**WHAT YOU HAVE TO DO**
Using the records below, quote only the span that opens with the line containing "Door de ouderling" and closes with the line containing "Verbali e disegni", exactly and inclusively.

**SUPPLIED ENTRIES**
------------------------------------------------------------

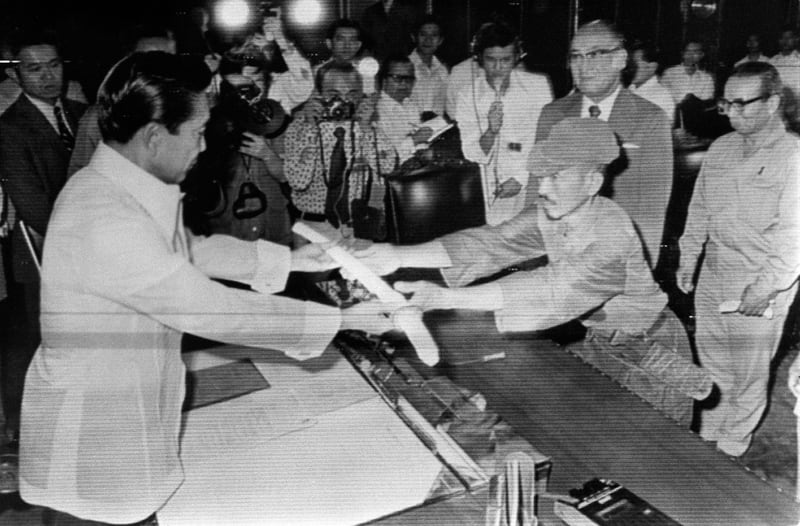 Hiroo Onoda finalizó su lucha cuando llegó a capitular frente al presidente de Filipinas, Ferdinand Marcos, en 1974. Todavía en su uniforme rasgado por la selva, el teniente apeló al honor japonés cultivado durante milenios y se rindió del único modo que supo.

------------------------------------------------------------

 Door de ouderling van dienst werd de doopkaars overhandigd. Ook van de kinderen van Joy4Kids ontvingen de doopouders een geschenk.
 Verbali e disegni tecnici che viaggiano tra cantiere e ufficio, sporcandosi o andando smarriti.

------------------------------------------------------------

**YOUR SOLUTION**
 Door de ouderling van dienst werd de doopkaars overhandigd. Ook van de kinderen van Joy4Kids ontvingen de doopouders een geschenk.
 Verbali e disegni tecnici che viaggiano tra cantiere e ufficio, sporcandosi o andando smarriti.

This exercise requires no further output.